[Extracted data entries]
-- Opening Marker --
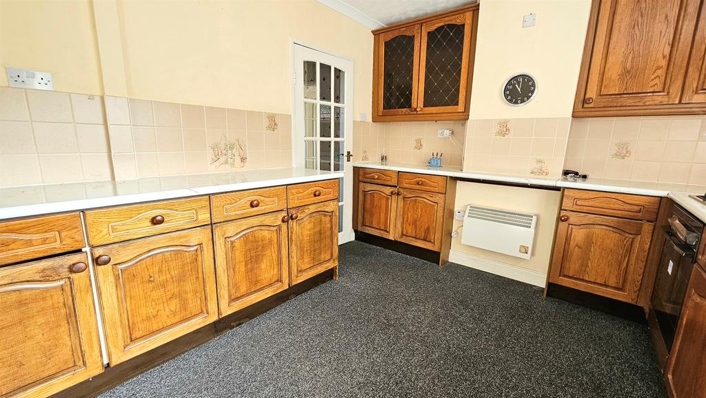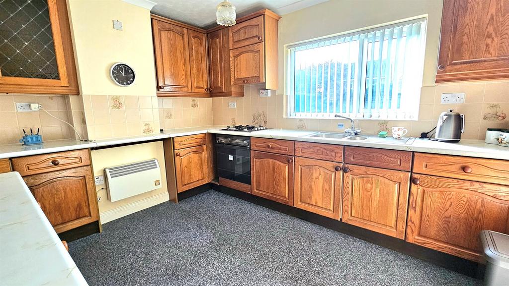 Having a UPVC double glazed window to front, this kitchen offers wall and base units incorparting worksurfaces over, electric oven, four ring gas hob, radiator and tile carpet flooring.
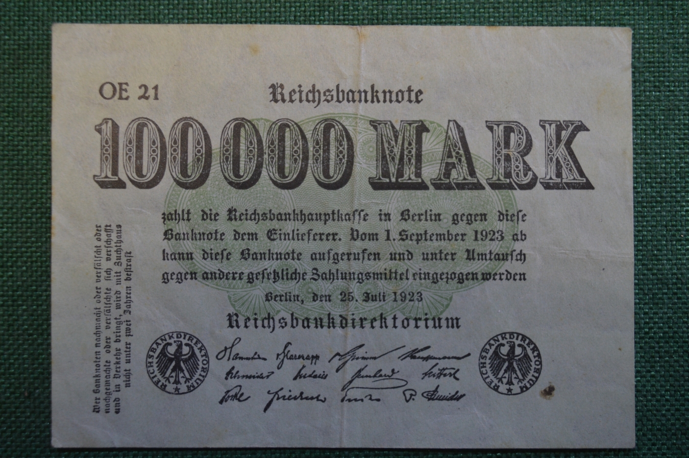 Бона, банкнота 100000 марок 1923 год. Сто тысяч. Рейхсбанкнота. Веймар, Германия.
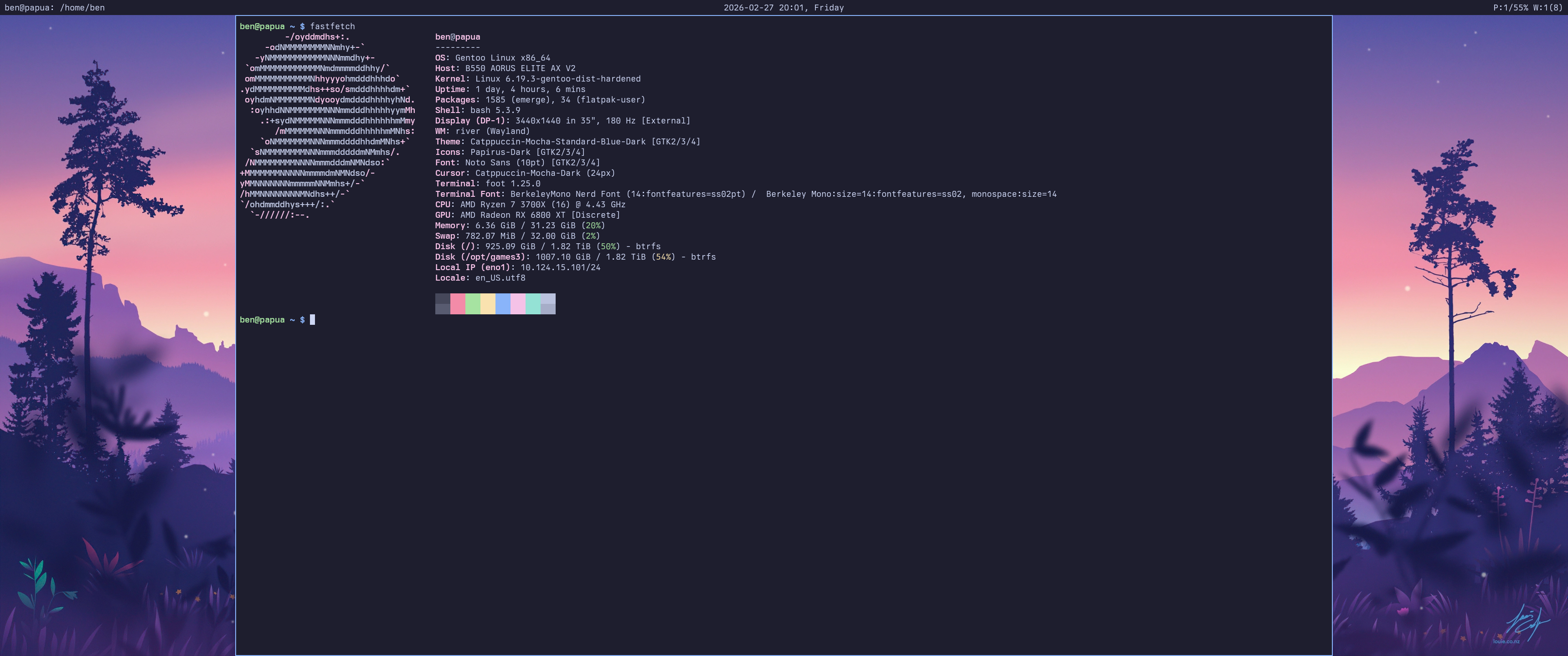 A tiling window manager for the river Wayland compositor written in Zig. The window manager communicates using the river-window-management-v1 protocol, as well as some of River's additional Wayland protocols.
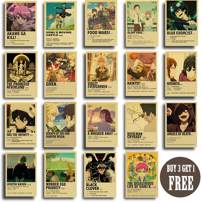 Аниме Коллекция юдзюцу кайзенобещанный неверлендHaikyuu! Ретро плак...
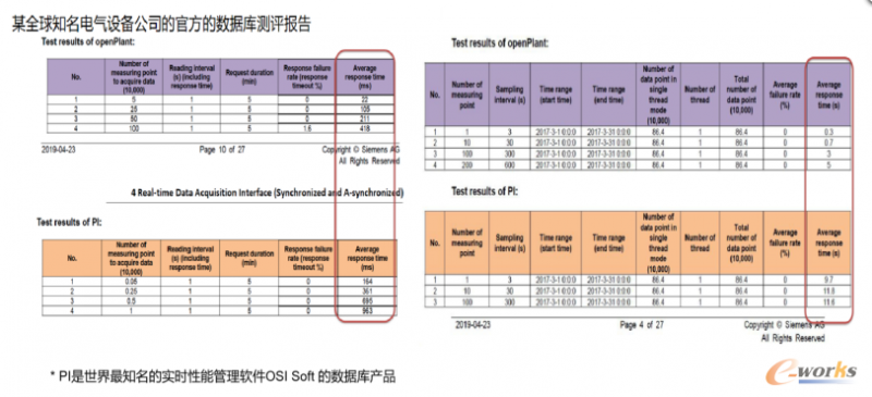 2019年在某全球知名電氣設(shè)備公司官方數(shù)據(jù)庫評測報告中,提供了一則openPlant 和 PI的客戶測試實例,前者是國內(nèi)實時數(shù)據(jù)庫公司麥杰科技面向工業(yè)互聯(lián)網(wǎng)平臺應(yīng)用的主打數(shù)據(jù)庫,后者是世界最知名的實時性能管理軟件OSI Soft 的數(shù)據(jù)庫產(chǎn)品。
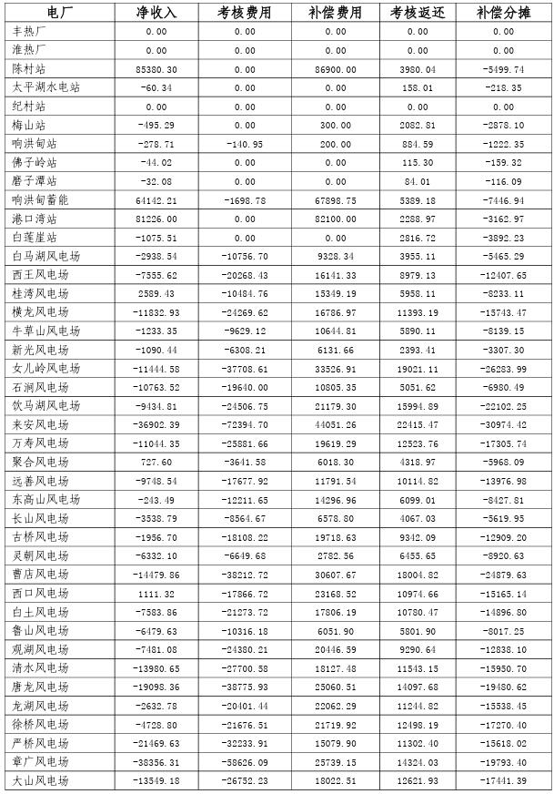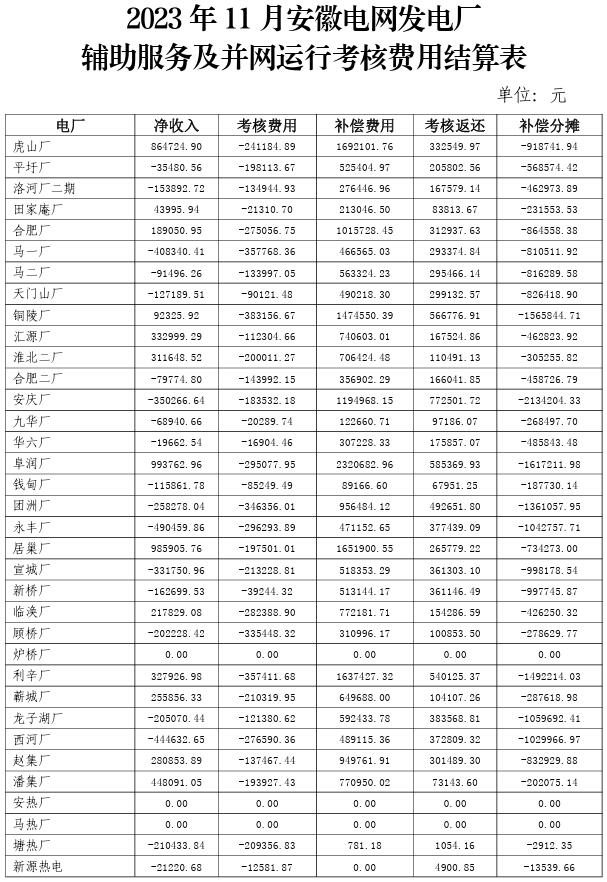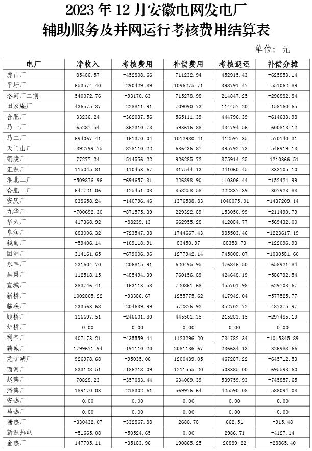 根據(jù)華東區(qū)域“兩個細則”規(guī)則要求,國網(wǎng)安徽省電力有限公司完成了2023年10-12月直調(diào)電廠并網(wǎng)運行考核、輔助服務(wù)補償統(tǒng)計計算,并向我局報送了并網(wǎng)運行考核及輔助服務(wù)補償情況。其中,吉泉直流配套跨省跨區(qū)新建火電機組調(diào)試運行期差額資金共計8882813.74元,納入12月輔助服務(wù)補償。2023年10-12月安徽電網(wǎng)發(fā)電廠輔助服務(wù)補償及并網(wǎng)運行考核費用結(jié)算表詳見附件,現(xiàn)予公示。如有不同意見,可于3月1日前向我局反映。
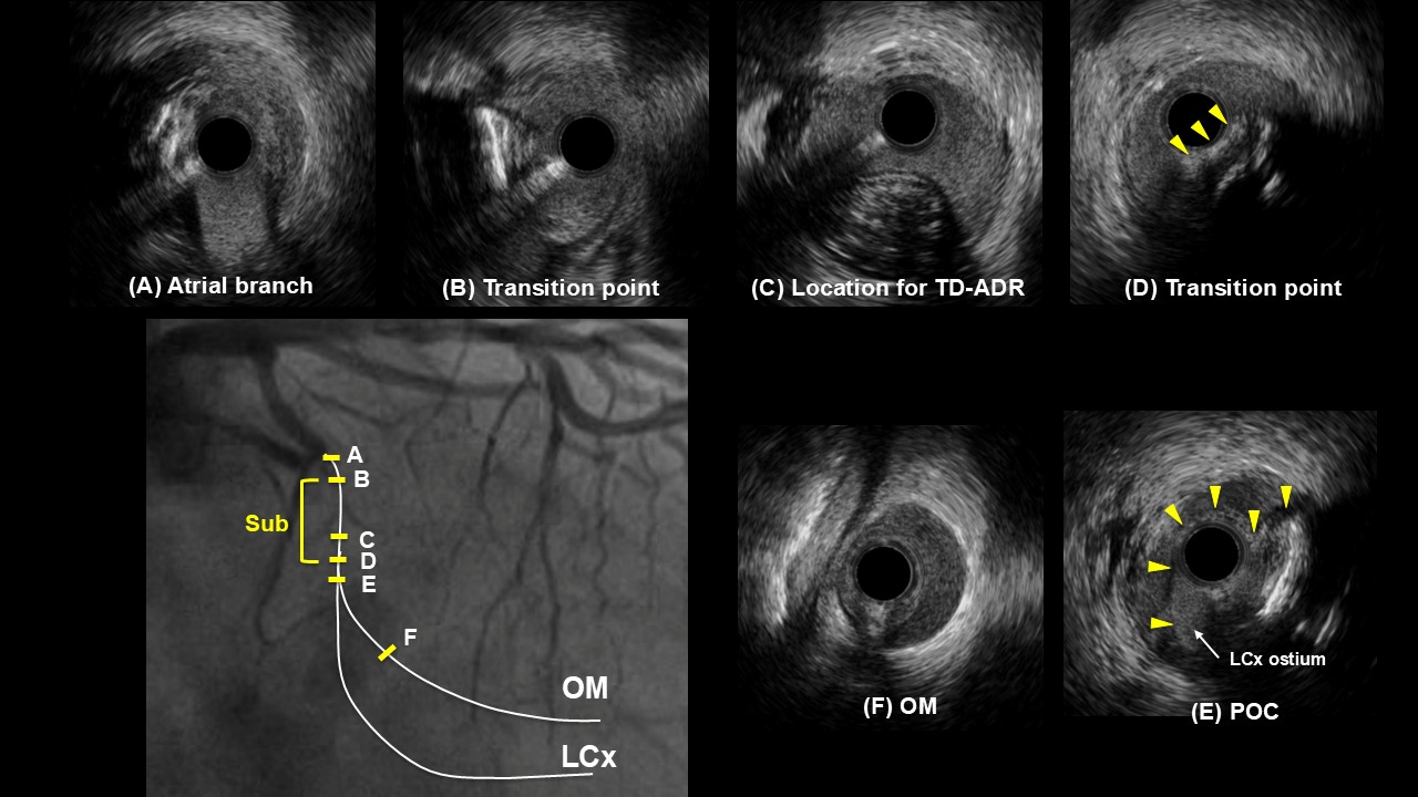After true lumen access was achieved, provisional LCX to OM stenting restored TIMI 3 flow. Final IVUS showed good stent expansion and apposition, without edge dissection or residual hematoma.
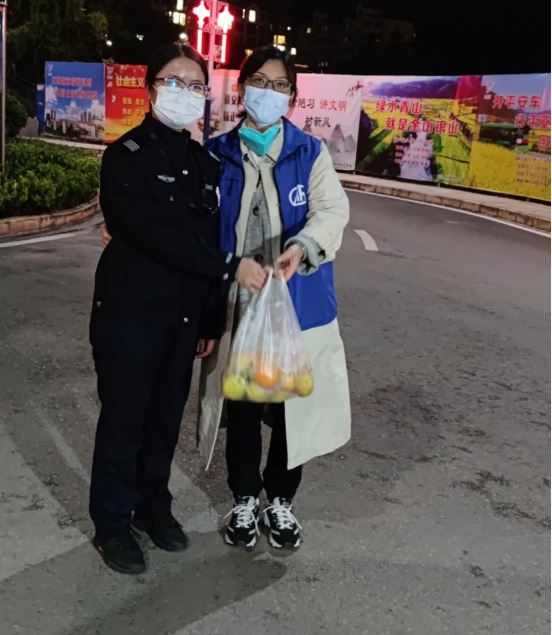 隨時(shí)可以感受到的抗疫愛心“勇動(dòng)”??偛坑须y,分公司支援。公司黨委心系卡點(diǎn)值守志愿者,面對(duì)著防疫物資緊缺的情況,火速聯(lián)系分公司為大家配備了防護(hù)服、N95口罩、手套、酒精消毒噴霧、免洗手凝膠等防疫物資,為疫情防控提供了強(qiáng)有力的防疫保障;莫名的小姐姐親自送桔子到卡點(diǎn),輕聲細(xì)語的一句“你們辛苦了”,聽著暖心啊!百貨店店員送來的礦泉水,喝著心里真甜!值守人員將隨身攜帶的一盒降壓藥給因?qū)嵤┓饪囟荒芡獬鲑徺I的小伙子救急,小伙子到商店買了一包香煙硬要塞給我們的值守人員,還不好意思地說:“太謝謝你了”!一個(gè)非要讓收下,一個(gè)非不愿收,二人相互推辭著……幸福感爆棚啦!用香煙表示感謝,在我看來或許是吸煙人士之間在這個(gè)特殊時(shí)期最普通但卻是最真摯的表達(dá)吧!工作人員親手為卡點(diǎn)值守志愿者送來愛心工作餐;一群不知名的小伙子們積極主動(dòng)加入民兵志愿者和我們工作人員的隊(duì)伍,一起完成了近1600份政府為住戶們配送的生活物資后,悄然離開……。
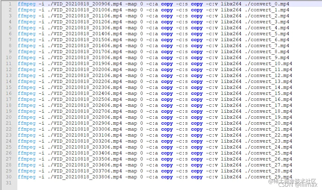 命令: ffmpeg -i ./VID_20210818_201006.mp4 -map 0 -c:a copy -c:s copy -c:v libx264 ./0.mp4
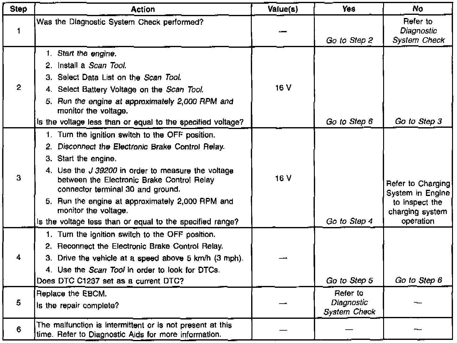 DTC C1237 detects high vehicle voltage levels prior to any required motor movement (initialization or ABS). Damage to the system may occur if excessive voltage exists.
-- Closing Marker --
[About this exercise]
Working from the entries above, reproduce exactly and only the lines beginning with the line that has "After true lumen" and ending with the line that has "隨時(shí)可以感受到的抗"; omit all pictures.

[Finished task]
After true lumen access was achieved, provisional LCX to OM stenting restored TIMI 3 flow. Final IVUS showed good stent expansion and apposition, without edge dissection or residual hematoma.
 隨時(shí)可以感受到的抗疫愛心“勇動(dòng)”??偛坑须y,分公司支援。公司黨委心系卡點(diǎn)值守志愿者,面對(duì)著防疫物資緊缺的情況,火速聯(lián)系分公司為大家配備了防護(hù)服、N95口罩、手套、酒精消毒噴霧、免洗手凝膠等防疫物資,為疫情防控提供了強(qiáng)有力的防疫保障;莫名的小姐姐親自送桔子到卡點(diǎn),輕聲細(xì)語的一句“你們辛苦了”,聽著暖心啊!百貨店店員送來的礦泉水,喝著心里真甜!值守人員將隨身攜帶的一盒降壓藥給因?qū)嵤┓饪囟荒芡獬鲑徺I的小伙子救急,小伙子到商店買了一包香煙硬要塞給我們的值守人員,還不好意思地說:“太謝謝你了”!一個(gè)非要讓收下,一個(gè)非不愿收,二人相互推辭著……幸福感爆棚啦!用香煙表示感謝,在我看來或許是吸煙人士之間在這個(gè)特殊時(shí)期最普通但卻是最真摯的表達(dá)吧!工作人員親手為卡點(diǎn)值守志愿者送來愛心工作餐;一群不知名的小伙子們積極主動(dòng)加入民兵志愿者和我們工作人員的隊(duì)伍,一起完成了近1600份政府為住戶們配送的生活物資后,悄然離開……。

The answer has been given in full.